During handling of the above exception, another exception occurred:

Traceback (most recent call last):
  File "python/ray/_raylet.pyx", line 476, in ray._raylet.execute_task
  File "python/ray/_raylet.pyx", line 477, in ray._raylet.execute_task
  File "python/ray/_raylet.pyx", line 431, in ray._raylet.execute_task.function_executor
  File "/Users/rliaw/miniconda3/lib/python3.7/site-packages/ray/function_manager.py", line 553, in actor_method_executor
    return method(actor, *args, **kwargs)
  File "/Users/rliaw/miniconda3/lib/python3.7/site-packages/ray/tune/trainable.py", line 183, in train
    result = self.step()
  File "/Users/rliaw/dev/tune-sklearn/tune_sklearn/_trainable.py", line 107, in step
    result = self._train()
  File "/Users/rliaw/dev/tune-sklearn/tune_sklearn/_trainable.py", line 251, in _train
    return_train_score=self.return_train_score,
  File "/Users/rliaw/miniconda3/lib/python3.7/site-packages/sklearn/utils/validation.py", line 72, in inner_f
    return f(**kwargs)
  File "/Users/rliaw/miniconda3/lib/python3.7/site-packages/sklearn/model_selection/_validation.py", line 248, in cross_validate
    for train, test in cv.split(X, y, groups))
  File "/Users/rliaw/miniconda3/lib/python3.7/site-packages/joblib/parallel.py", line 1029, in __call__
    if self.dispatch_one_batch(iterator):
  File "/Users/rliaw/miniconda3/lib/python3.7/site-packages/joblib/parallel.py", line 819, in dispatch_one_batch
    islice = list(itertools.islice(iterator, big_batch_size))

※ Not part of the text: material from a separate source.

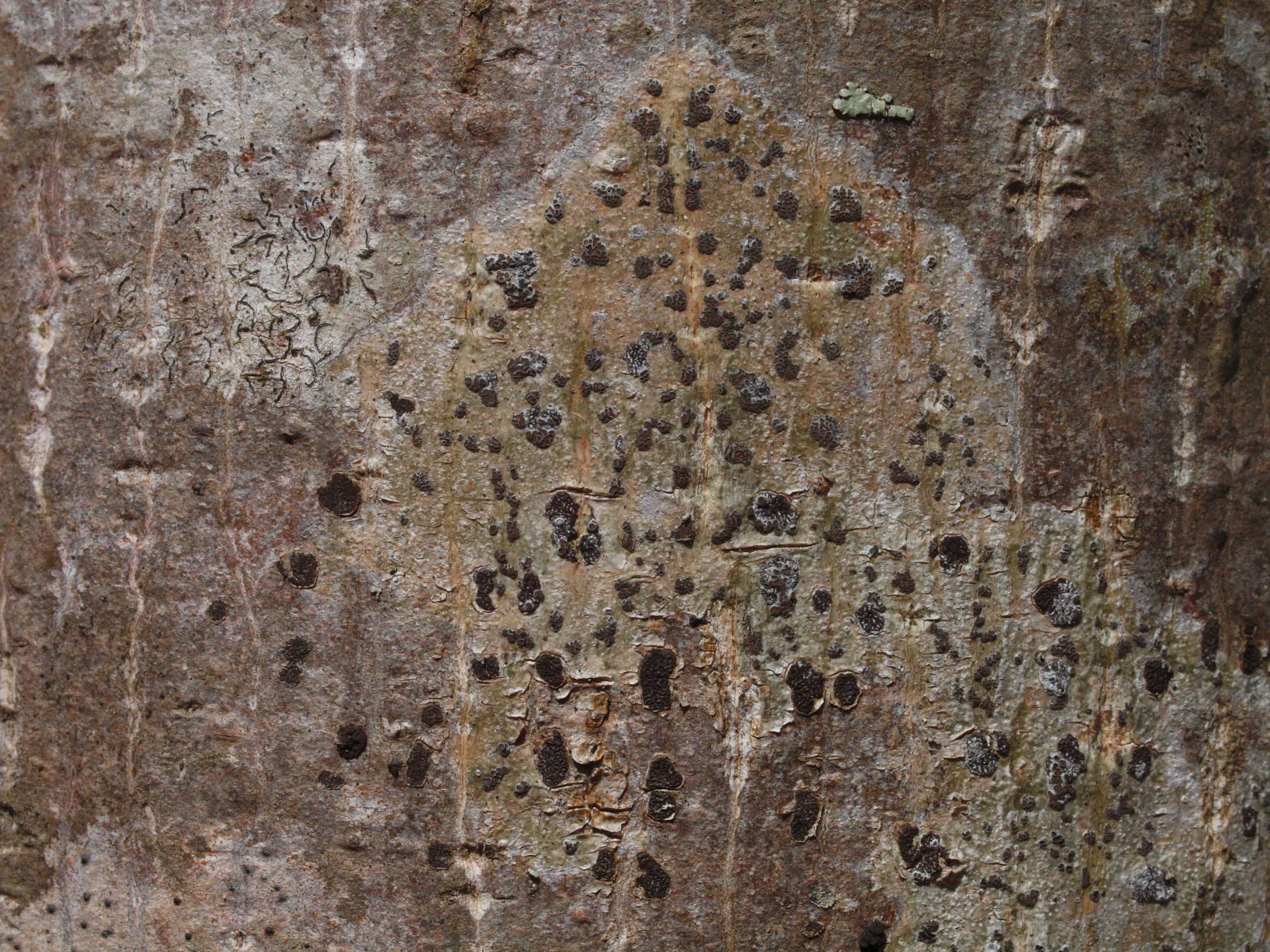 The lichen Glyphis cicatricosa Ach. Specimen photographed in Cane Creek Canyon Nature Preserve, Colbert County, Alabama.

  File "/Users/rliaw/miniconda3/lib/python3.7/site-packages/sklearn/model_selection/_validation.py", line 243, in <genexpr>
    delayed(_fit_and_score)(
  File "/Users/rliaw/miniconda3/lib/python3.7/site-packages/sklearn/model_selection/_split.py", line 336, in split
    for train, test in super().split(X, y, groups):
  File "/Users/rliaw/miniconda3/lib/python3.7/site-packages/sklearn/model_selection/_split.py", line 80, in split
    for test_index in self._iter_test_masks(X, y, groups):
  File "/Users/rliaw/miniconda3/lib/python3.7/site-packages/sklearn/model_selection/_split.py", line 697, in _iter_test_masks
    test_folds = self._make_test_folds(X, y)
  File "/Users/rliaw/miniconda3/lib/python3.7/site-packages/sklearn/model_selection/_split.py", line 668, in _make_test_folds
    % (self.n_splits))
ValueError: n_splits=5 cannot be greater than the number of members in each class.